March 26, 2024, 8:45 AM UTC

Maryland Lawmakers Eye Global Combined Reporting for Taxes

Maryland could become the first state to adopt worldwide combined reporting for corporate taxes if a House of Delegates proposal survives skeptical Senate leadership in deliberations this week.

The House spending package, SB 362, includes a provision mandating the reporting system for multinational companies—an apportionment method that requires calculating taxes based on global income attributable to a specific jurisdiction. Proponents favor a worldwide system to prevent corporations shifting profits to overseas subsidiaries.

After the House passed the bill last week in an 89-45 vote, Senate President Bill Ferguson (D) told reporters that combined reporting was a “hard no,” saying that the Senate “had been clear” on its position for months and that “nothing had changed.” Ferguson, who has come out against either global combined reporting or a “water’s edge” version, which requires reporting income just from US subsidiaries, didn’t respond to a request for comment Monday.
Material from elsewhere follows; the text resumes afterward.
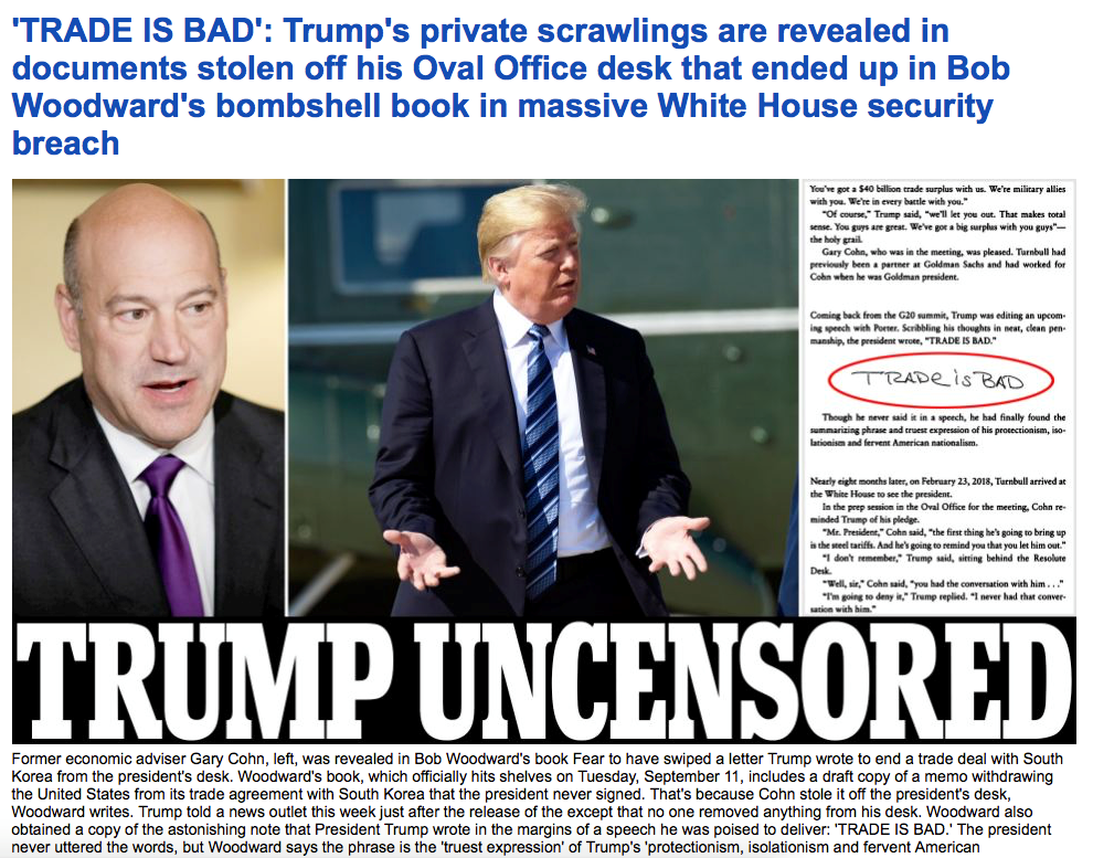 Former economic advisor Gary Cohn swipes notes that President Trump made from his desk and gives them to reporter Bob Woodward of Watergate fame that Woodward then uses to promote his new book entitled FEAR.

The Senate is likely to reject a number of provisions of the spending bill, presumably among them the corporate reporting measure, setting the stage for a conference later this week to resolve differences between the chambers.

Maryland lawmakers have previously tried to establish a water’s edge reporting system. But now they are considering the much broader approach, proposing to require affiliated businesses to submit a combined income tax return starting in tax year 2028, reflecting the aggregate income tax liability of all members of the combined group.

The new apportionment method would generate additional revenue—according to a report from the House Appropriations Committee, $65.3 million by 2028 and $224.6 million by 2029.

Worldwide combined reporting has attracted attention after Minnesota’s near-enactment of such a system last year. Lawmakers there are currently considering a bill mandating a study of the potential impact of that system. The New Hampshire House also deliberated on a bill but ultimately didn’t approve the calculation method earlier this year. Similar legislation, SB 1934, has been introduced in Tennessee, and and there is a draft bill in Vermont.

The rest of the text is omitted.